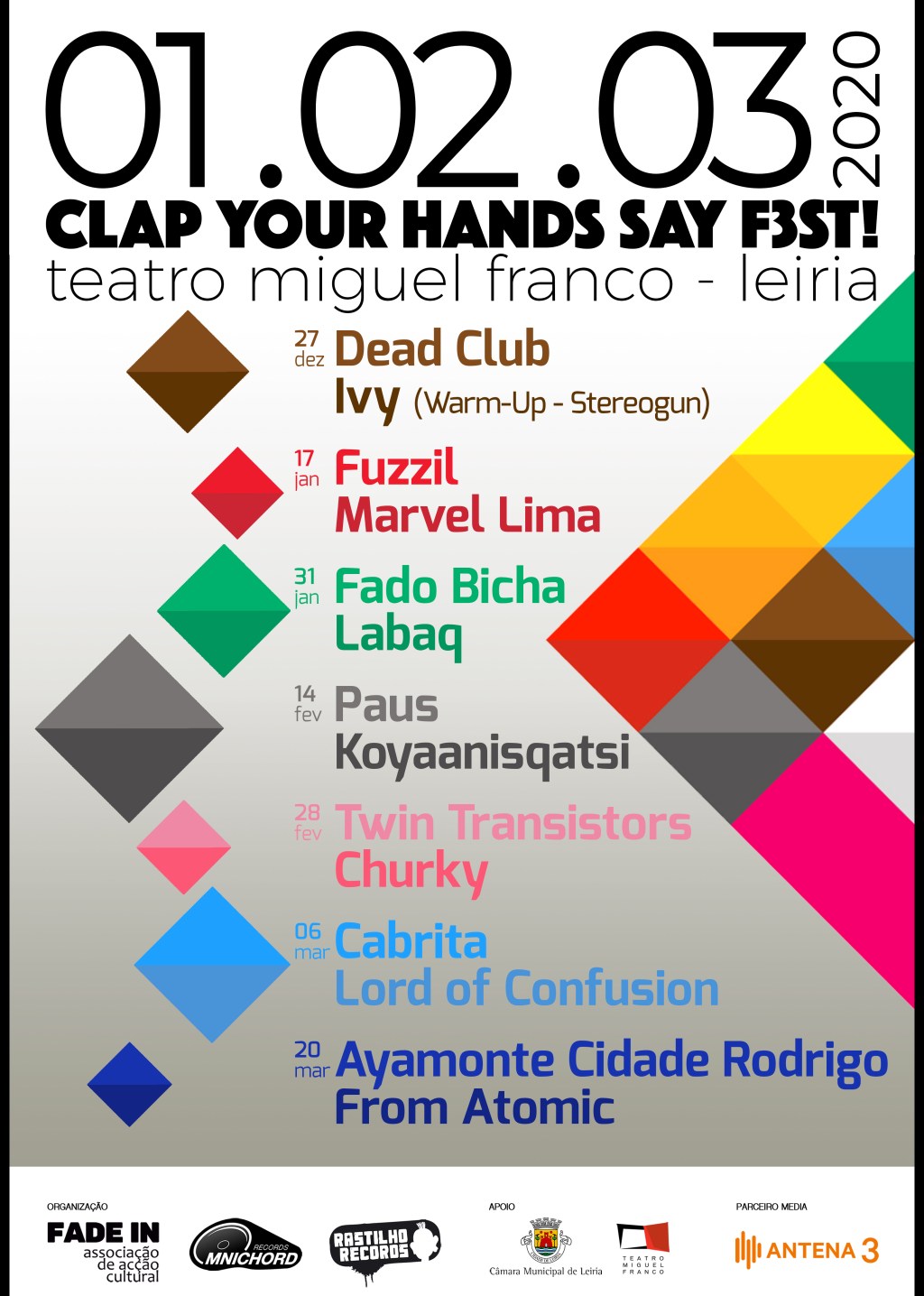 CLAP YOUR HANDS SAY F3ST! é um festival que resulta da união de esforços e da colaboração entre três entidades de créditos firmados: Fade In – Associação de Acção Cultural, Omnichord Records e Rastilho Records. Com os apoios da Câmara Municipal de Leiria e da Antena 3, a quarta edição do evento decorrerá durante o primeiro trimestre de 2020 no bonito e estilizado Teatro Miguel Franco, em pleno coração da cidade do Lis.
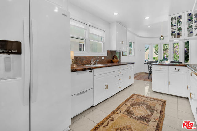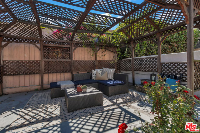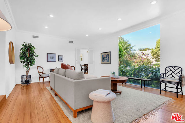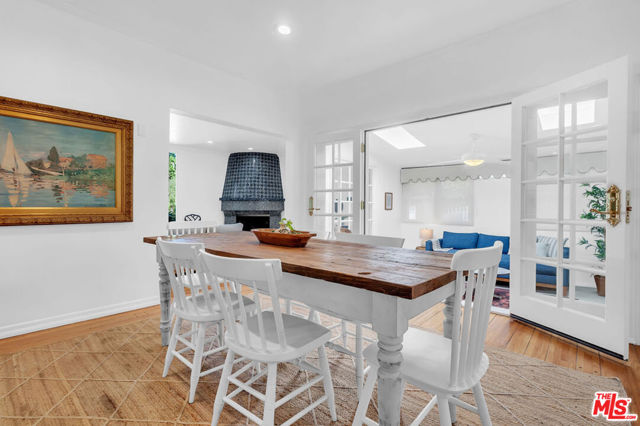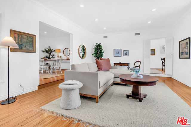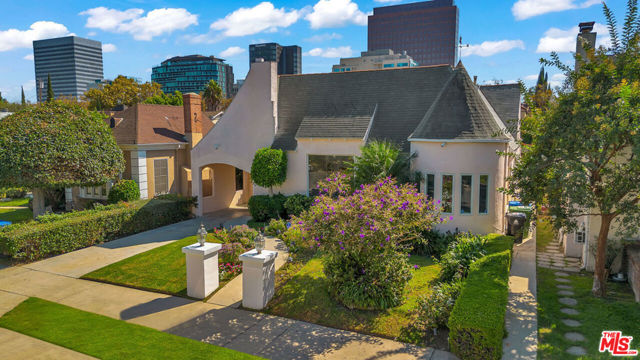 BEAUTIFUL FRENCH NORMANDY IN BEVERLY GROVE. This wonderful home features gleaming hardwood floors, an expansive, step-up living room with picture window and stylish corner fireplace, a formal dining room, three generous bedrooms including an en suite primary with walk-in closet, soaking spa tub, double sinks and separate shower, a second remodeled full bath and one powder room, a redone kitchen with rotunda breakfast room, and an enclosed bonus sunroom. The spacious, fully enclosed backyard offers a large gazebo and dining patio, and a nicely finished garage with full bath. Additional features include central AC, ample closet and storage space, and an ideal location in very close proximity to L.A.’s best shopping and dining, on Third Street, The Grove, West Hollywood and Beverly Hills.
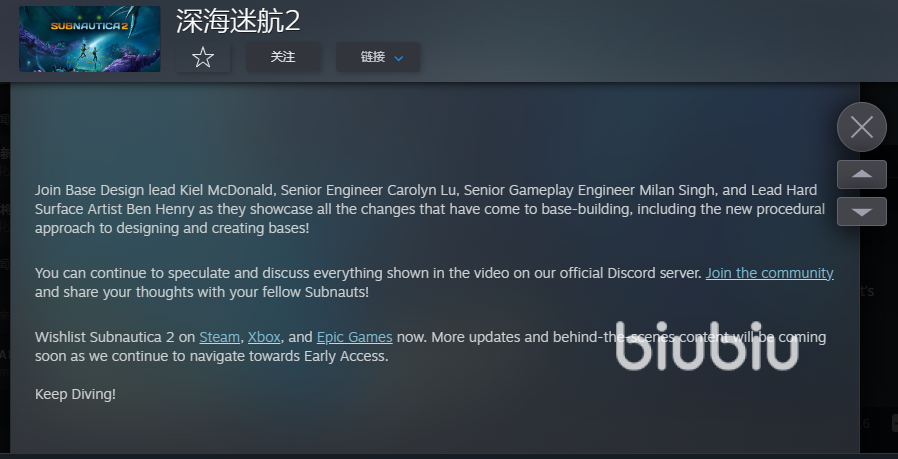 2026年03月19日 14:51 来源:猎手梓布玛游戏圈终于传来喜讯那就是《深海迷航2》终于快能体验了,作为一款经典的深海探险游戏它一直是无数玩家心中的白月光,而经过了此次游戏方的爆量相信很多人心里都踏实了不少。那么深海迷航2抢先体验上线时间爆料的具体是哪一天呢?接下来且听小编来为大家揭秘一下吧。
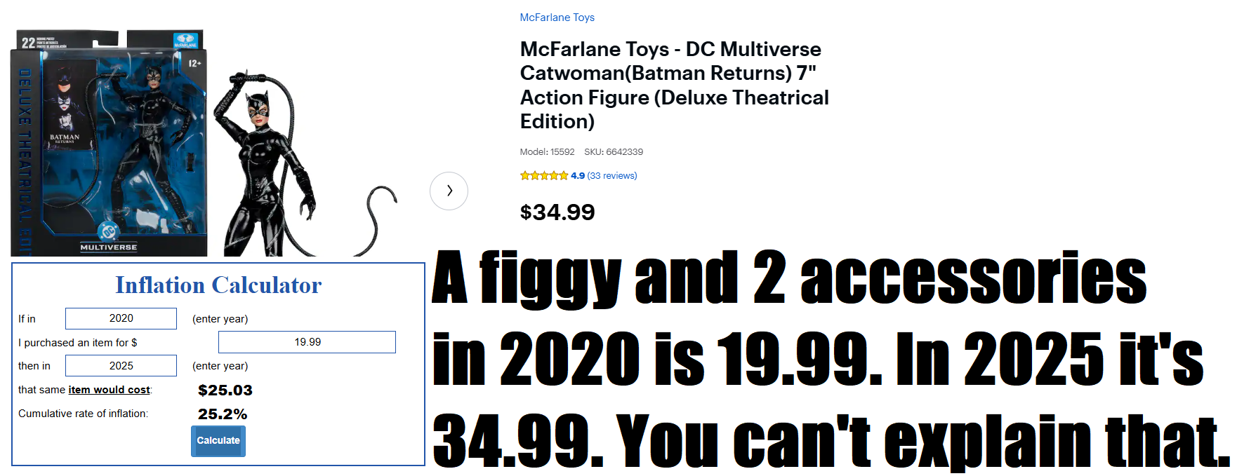 >>11688202You can easily explain this as hyperinflation and that literally everything else is markedly more expensive than it was six years ago. Yes, the price of toys is outpacing actual inflation, but it's still the direct cause. Why are you guys so dumb?
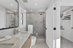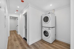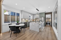 Brand-new modern West Coast 1/2 duplex on a prime corner lot w/ unobstructed Burns Bog views, 3,022 sq.ft. per side & 390 sq. ft. of covered decks on 9,000 sq.ft. lot (4,500 sq. ft. per unit). Features include a side-by-side double garage & 53-ft driveway w/ parking for up to 8 vehicles. Open-concept main floor,floor-to-ceiling windows & designer kitchen w/ double fridge,wine fridge,gas range & hidden spice kitchen, a main-floor bedroom w/ full bath. Upstairs has four bright bedrooms,full laundry & a primary suite w/ California Closets & spa-inspired ensuite,covered patio. Basement w/ 2-bedroom legal suite & rec room w/ full bath. Finished w/ custom cabinetry,slab-marble feature wall,LED lighting,glass railings,Control4 smart home,AC&tankless hotwater. Open House Sat/Sun, Feb 7th-8th 1-4PM
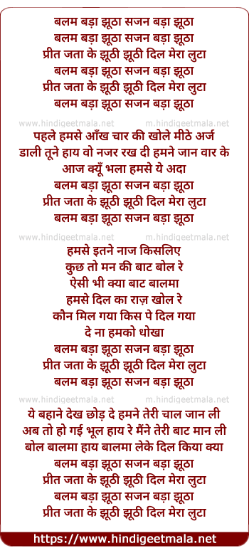 Lyrics of Balam Bada Jhutha, Sajan Bada Jhutha - बलम बड़ा झूठा, सजन बड़ा झूठा
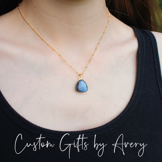 Trillion Cut Labradorite Necklace in Gold-Filled or Sterling Silver
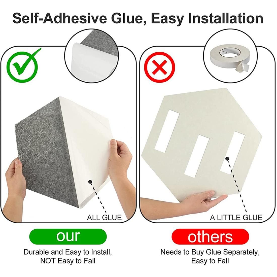 EASY INSTALLATION - The back of the acoustic panels are Self-adhesive, which are convenient for you to install on the wall. Just peel off the back film and stick each panel to your desired position. No special tools or materials needed when intallation. You can simply detach each panel and reinstall to the new desired location with no holes on your walls.
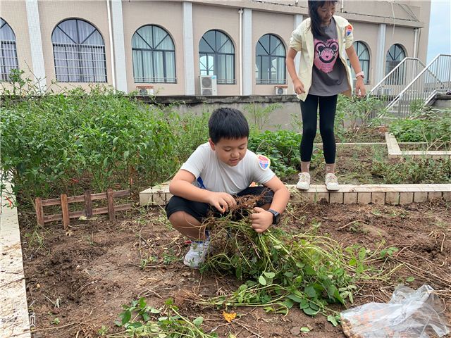 劳动基地,成了孩子们的乐园。锄地的孩子,深一锄头浅一锄头地用力挖着;除草的孩子,从地里掏出了几颗花生,像获得巨大收获一般,兴奋得合不拢嘴;清理杂草的孩子,干得多么的认真负责,一看就是一把好手。
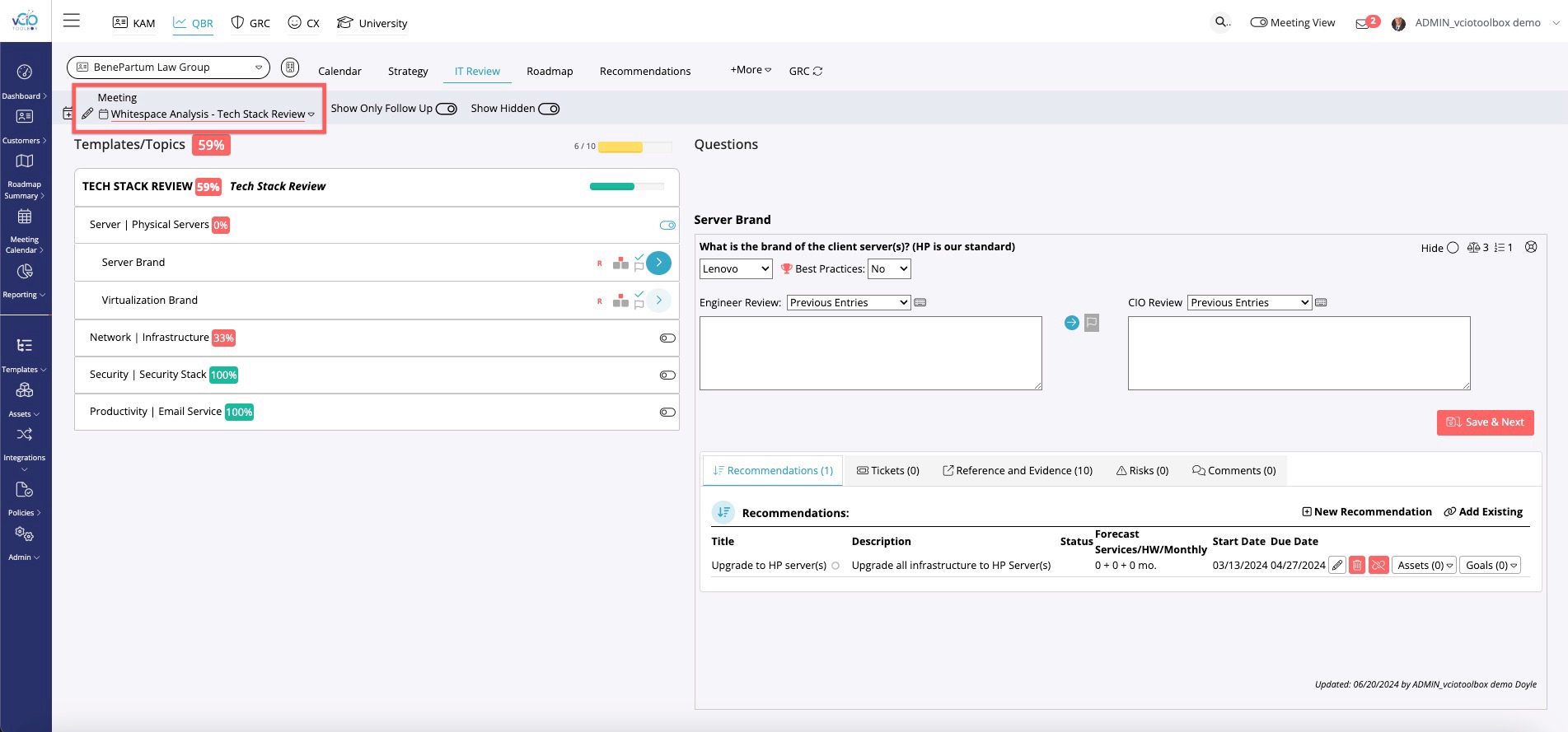 2. Set your Meeting to Tech Stack Review and conduct your assessment.
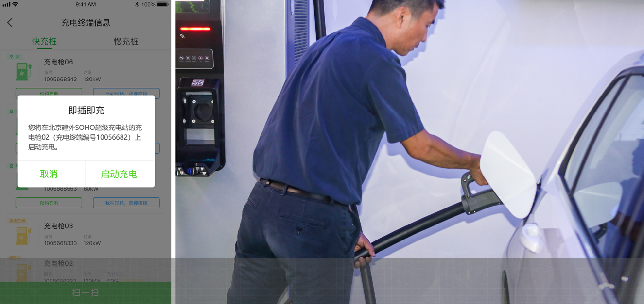 无需扫描充电二维码,便可实现直接插枪后在 APP 中启动充电的功能展示
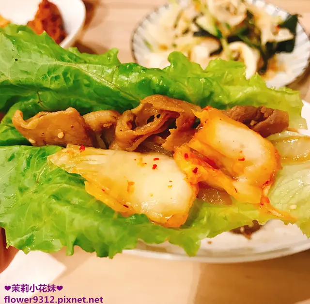 之後就用生菜包肉,再加入剛剛的小菜韓式泡菜
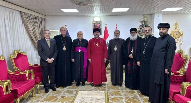 • غبطة البطريرك يونان يستقبل غبطة أخيه روفائيل بيدروس الحادي والعشرين ميناسيان بطريرك الأرمن الكاثوليك للتهنئة بعيد الميلاد ورأس السنة
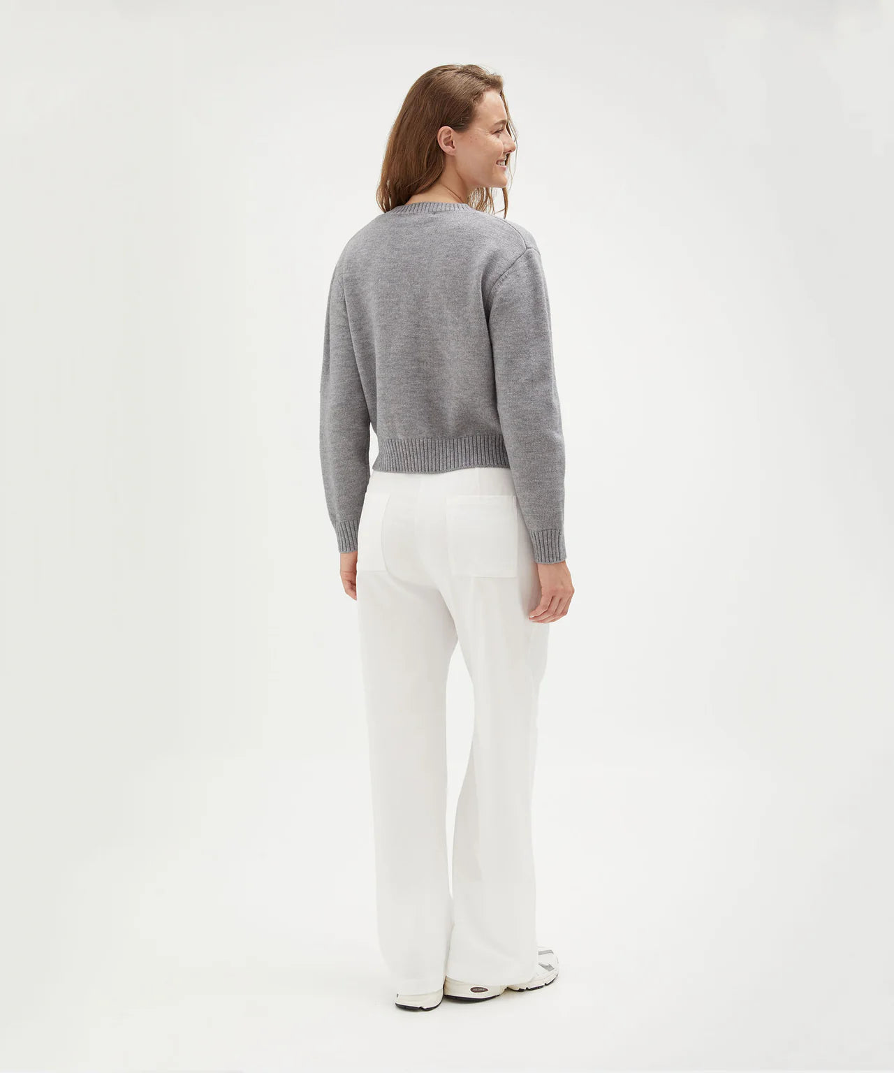 A winter layering essential, the Crew Neck Cardigan is a classic, relaxed cardigan. Made from a soft and stretchy jersey knit in core light grey. Featuring a button down front, designed to be styled your way.
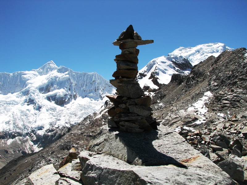 Por la mañana después del desayuno nos dirigiremos hacia el Paso Portachuelo (4767m) en este punto observaremos lo nevados del Huascarán, Chopicalqui, Huandoy, Pisco, Chacraraju. Luego descenderemos por el camino llamado Chaquinani hasta llegar al campamento Cebollapampa.
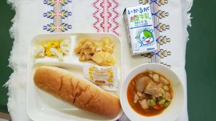 本日の献立は、鶏肉と野菜のケチャップ煮、カリフラワーとコーンのサラダ、桃のクラフティです。
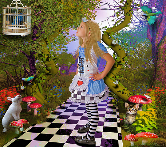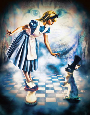 The image is based on these lyrics. "White Rabbit by Jefferson Airplane"
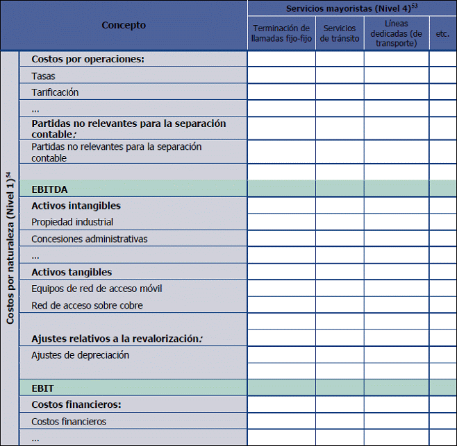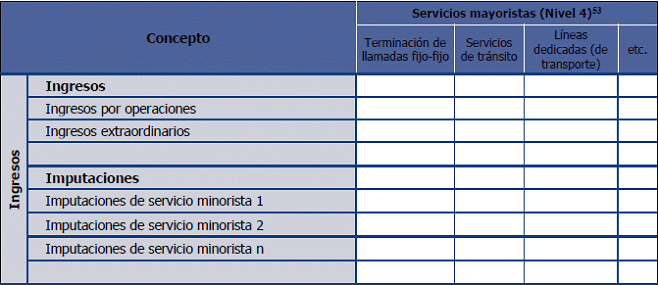 53. Los servicios mayoristas incluidos en este reporte, deberán corresponder, como mínimo, con el nivel de desagregación indicado por la CRC en el plan de cuentas del Esquema de Separación Contable (Anexo 9.3)
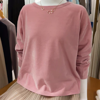 ベロアのような暖かみのあるカラー展開のボートネックニット。コンパクトな着丈がバランス取りやすく着こなせます。
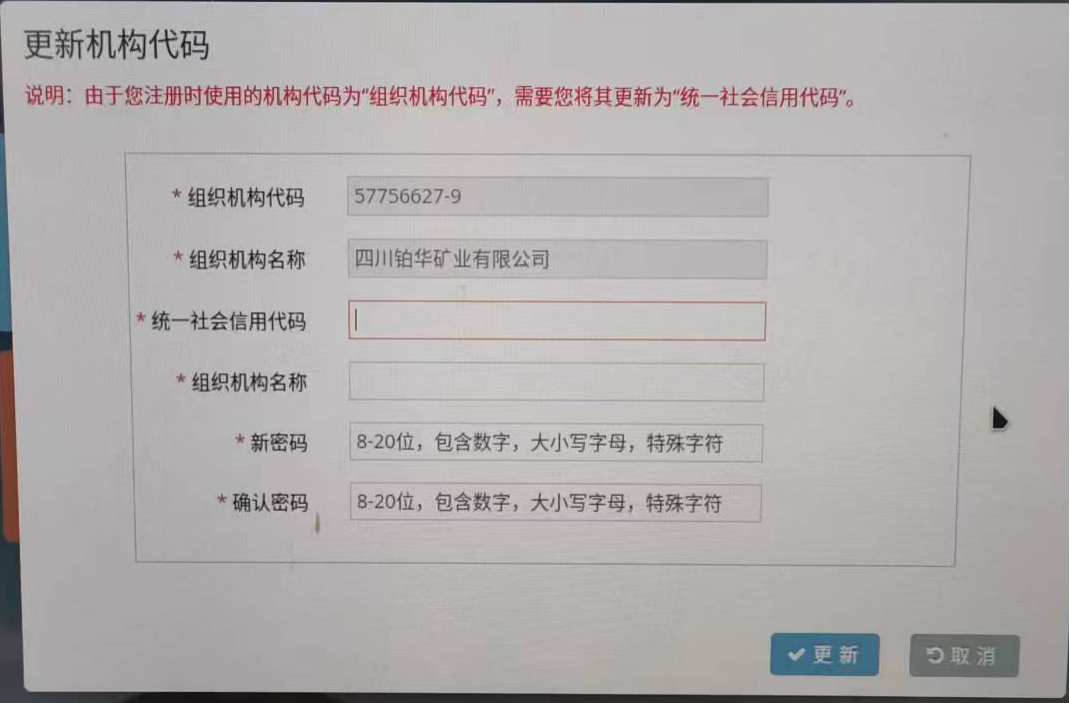 矿业权人无法采用原组织机构代码登录进行信息公示
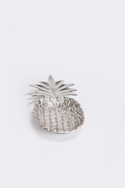Inspired by the all season favourite fruit 'Pineapple', this platter is a fun & trendy addition to your living space. Use it to store dry fruits or nuts or also as an accent piece, this platter is made of Aluminium and it comes in silver colour.
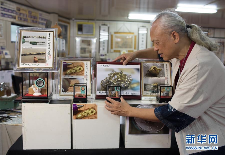 1月7日,台灣毫芒雕刻家陳逢顯在新北市工作室裡整理創作的微雕作品。

**AIM OF THE EXERCISE:** Would you please reproduce the entries above, starting at the line with "2. Set your" and stopping after the line with "الميلاد ورأس السنة"? Omit any pictures.

**RESPONSE BELOW:**
 2. Set your Meeting to Tech Stack Review and conduct your assessment.
 无需扫描充电二维码,便可实现直接插枪后在 APP 中启动充电的功能展示
 之後就用生菜包肉,再加入剛剛的小菜韓式泡菜
 • غبطة البطريرك يونان يستقبل غبطة أخيه روفائيل بيدروس الحادي والعشرين ميناسيان بطريرك الأرمن الكاثوليك للتهنئة بعيد الميلاد ورأس السنة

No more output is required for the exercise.